Commodities were mixed overnight in which WTI crude futures remained afloat after the prior day’s gains of more than 2% to above the USD 58.00/bbl and its best levels in 4 months. This was attributed to risk sentiment and inventory data as the DoE inventories report showed an unexpected drawdown in headline crude stockpiles, while analysts also noted lingering factors such as Venezuela output uncertainty and OPEC+ reductions adding to the bullish backdrop for prices.
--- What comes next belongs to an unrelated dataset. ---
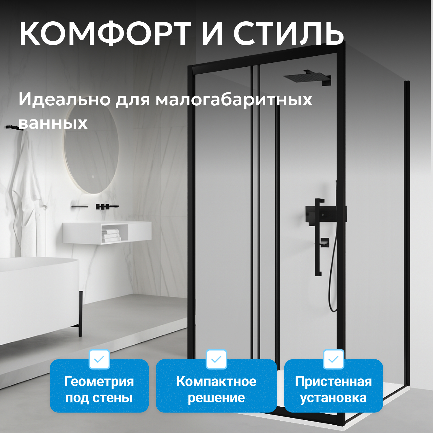 Душевой уголок ABBER Schwarzer Diamant AG30150BH-S100B-S100B — прямоугольная конструкция с прозрачными стеклянными полотнами толщиной 6 мм и черным профилем для пристенного монтажа. Модель оснащена раздвижной дверью на двойных роликах для плавности движения, увеличенными металлическими ручками и рассчитана на установку с низким поддоном (приобретается отдельно). Ширина входа — 648 мм, длина — 150 см, ширина — 100 см. Прозрачное стекло визуально расширяет пространство, черный профиль гармонирует с современными стилями интерьеров. Немецкие стандарты качества и лаконичный дизайн позволят интегрировать душевой уголок в любую ванную комнату, где важна эстетика и практичность. Модель не оснащена доводчиками и водоотталкивающим покрытием, что подчеркивает надежность конструкции.

Elsewhere, gold continued to pullback marginally overnight as the greenback found mild reprieve and copper was dampened after the poor Industrial Production numbers and subsequent underperformance from its largest buyer China.
US is seeking to reduce Iran oil sales by about 20% to below 1mln bpd from May and is likely to renew sanctions waivers to Iranian oil buyers but could deny waivers to countries not using them, according to sources. (Newswires)
CME lowered COMEX 5000 silver futures margins by 8.4% to USD 3300 per contract and lowered COMEX copper futures margins by 11.1% to USD 2400 per contract. (Newswires)
US plans to test-launch missiles later this year after President Trump recently pulled out of the Nuclear Force Treaty. (Newswires)
US Senate voted 54-46 to end US support for the Saudi-led war in Yemen. (Newswires)
Treasury futures were in the red as US traders got to their desks in the morning’s risk on sentiment but pared back losses as the session progressed. The T-plex got off on a downward path as CTAs and real money reportedly pared long positions in the front-end through the belly while the leveraged accounts weighed down the long-end. The long-end of the curve sold off going into the Treasury auction for USD 16bln of 30-yr bonds today, which saw a high yield of 3.014%, the lowest yield since July last year and tailing the WI by 0.8bps. Domestic demand was a little disappointing with directs taking a small share and dealers taking a large share, although indirects took a fair chunk too. Going into settlement, there was steepening across the curve with the front-to-long end being the most pronounced, 2s/30s widened by 1.8bps. US T-note futures (M9) settled half a tick lower at 122-27+.